# Exercise aim:
Of the entries below, return only those lines from the line with "胸部震动 热缩微孔 黑色扎带手铐自缚大时长" to the line with "Figure 9. The", exactly, both included.

# Data provided:
- - -

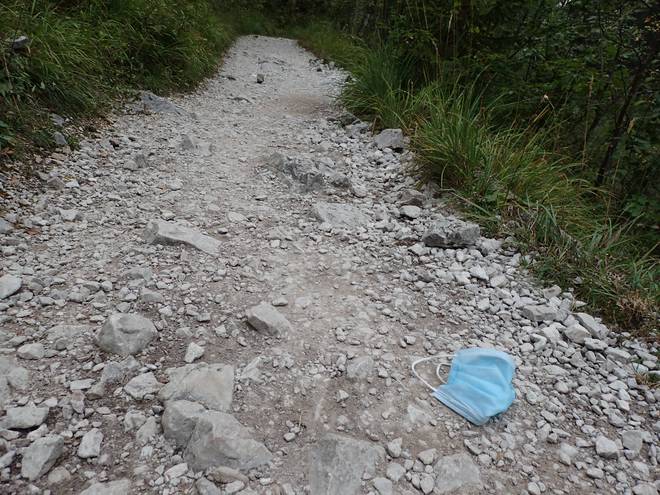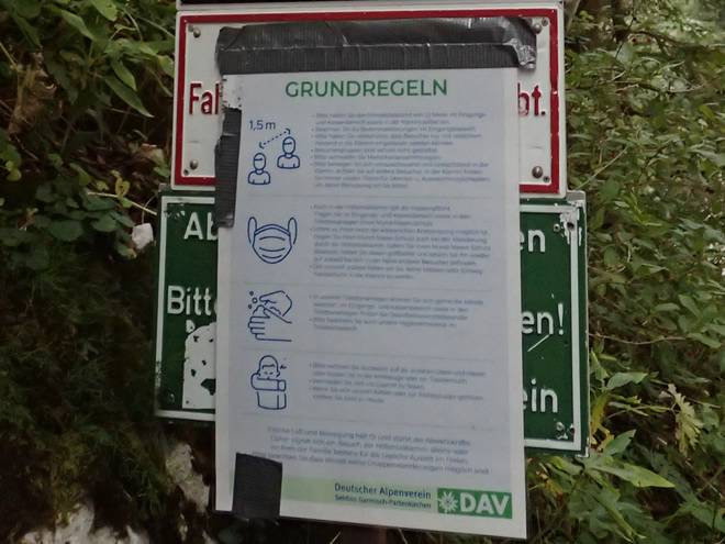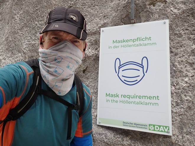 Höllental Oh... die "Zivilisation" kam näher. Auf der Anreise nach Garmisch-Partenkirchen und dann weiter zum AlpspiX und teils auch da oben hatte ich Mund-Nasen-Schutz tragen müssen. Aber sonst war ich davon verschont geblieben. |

- - -

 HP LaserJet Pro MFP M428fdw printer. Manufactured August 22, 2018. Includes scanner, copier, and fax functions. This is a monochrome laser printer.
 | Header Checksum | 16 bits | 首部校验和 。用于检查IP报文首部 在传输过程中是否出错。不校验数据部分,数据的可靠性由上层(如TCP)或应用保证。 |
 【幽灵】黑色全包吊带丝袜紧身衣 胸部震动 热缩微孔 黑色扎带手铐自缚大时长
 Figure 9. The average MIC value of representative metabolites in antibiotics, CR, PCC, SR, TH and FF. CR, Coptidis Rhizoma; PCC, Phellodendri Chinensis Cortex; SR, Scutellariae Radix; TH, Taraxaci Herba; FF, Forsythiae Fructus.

- - -

# Task solution:
 【幽灵】黑色全包吊带丝袜紧身衣 胸部震动 热缩微孔 黑色扎带手铐自缚大时长
 Figure 9. The average MIC value of representative metabolites in antibiotics, CR, PCC, SR, TH and FF. CR, Coptidis Rhizoma; PCC, Phellodendri Chinensis Cortex; SR, Scutellariae Radix; TH, Taraxaci Herba; FF, Forsythiae Fructus.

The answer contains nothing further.